* [WHAT THE TASK REQUIRES]:
The required output is the lines from the one with "Shoji-Schiebetüren in massiver" through the end of the data, repeated verbatim, with no pictures included.

* [COLLECTED MATERIAL]:
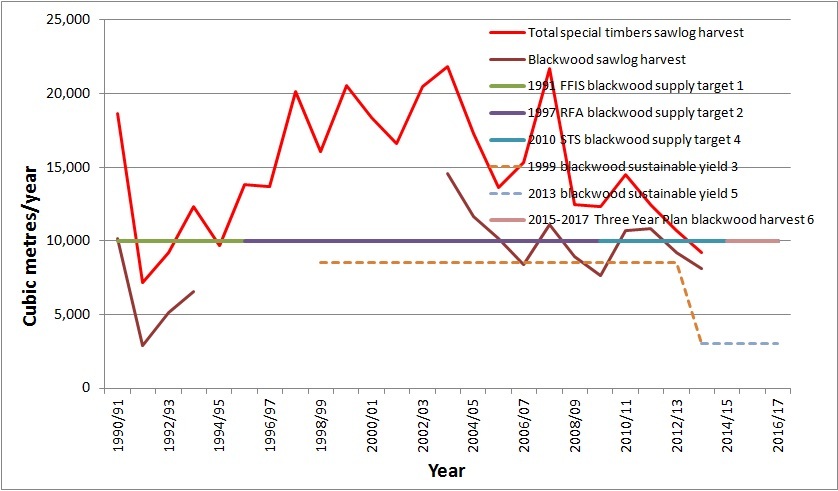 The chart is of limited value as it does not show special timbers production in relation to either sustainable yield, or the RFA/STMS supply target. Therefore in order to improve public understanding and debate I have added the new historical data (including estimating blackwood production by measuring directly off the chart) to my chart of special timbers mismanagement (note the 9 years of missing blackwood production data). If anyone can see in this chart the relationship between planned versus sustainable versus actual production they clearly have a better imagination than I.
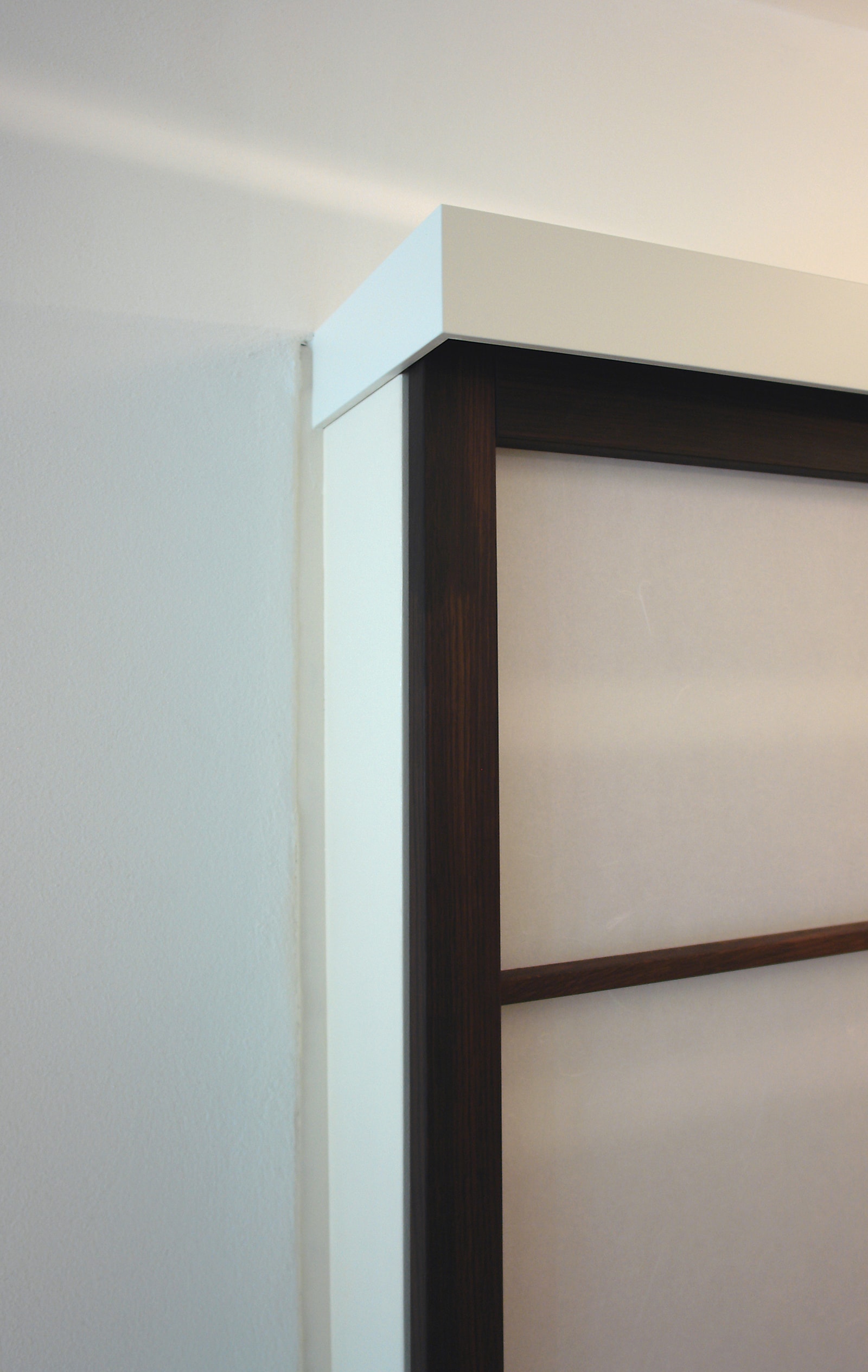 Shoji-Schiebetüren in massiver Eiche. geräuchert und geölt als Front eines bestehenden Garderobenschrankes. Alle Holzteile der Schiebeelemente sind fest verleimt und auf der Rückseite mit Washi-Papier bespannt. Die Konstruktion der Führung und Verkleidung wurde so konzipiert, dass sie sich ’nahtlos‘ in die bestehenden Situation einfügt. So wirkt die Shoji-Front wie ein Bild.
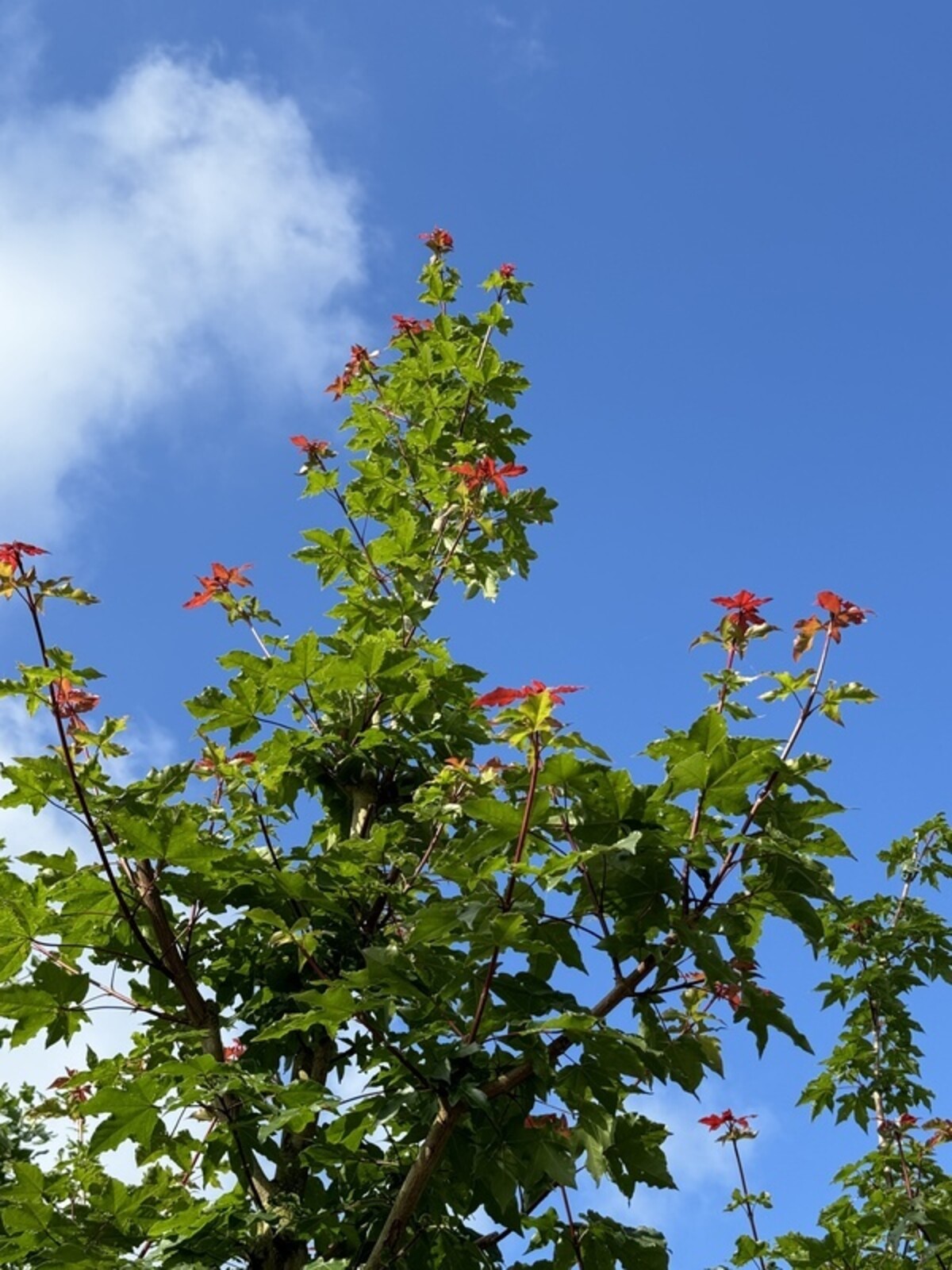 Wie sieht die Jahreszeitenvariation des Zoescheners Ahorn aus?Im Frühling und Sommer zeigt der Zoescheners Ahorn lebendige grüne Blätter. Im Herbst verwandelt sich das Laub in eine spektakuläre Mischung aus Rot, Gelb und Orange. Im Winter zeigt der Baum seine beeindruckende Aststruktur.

* [EXERCISE ANSWER]:
 Shoji-Schiebetüren in massiver Eiche. geräuchert und geölt als Front eines bestehenden Garderobenschrankes. Alle Holzteile der Schiebeelemente sind fest verleimt und auf der Rückseite mit Washi-Papier bespannt. Die Konstruktion der Führung und Verkleidung wurde so konzipiert, dass sie sich ’nahtlos‘ in die bestehenden Situation einfügt. So wirkt die Shoji-Front wie ein Bild.
 Wie sieht die Jahreszeitenvariation des Zoescheners Ahorn aus?Im Frühling und Sommer zeigt der Zoescheners Ahorn lebendige grüne Blätter. Im Herbst verwandelt sich das Laub in eine spektakuläre Mischung aus Rot, Gelb und Orange. Im Winter zeigt der Baum seine beeindruckende Aststruktur.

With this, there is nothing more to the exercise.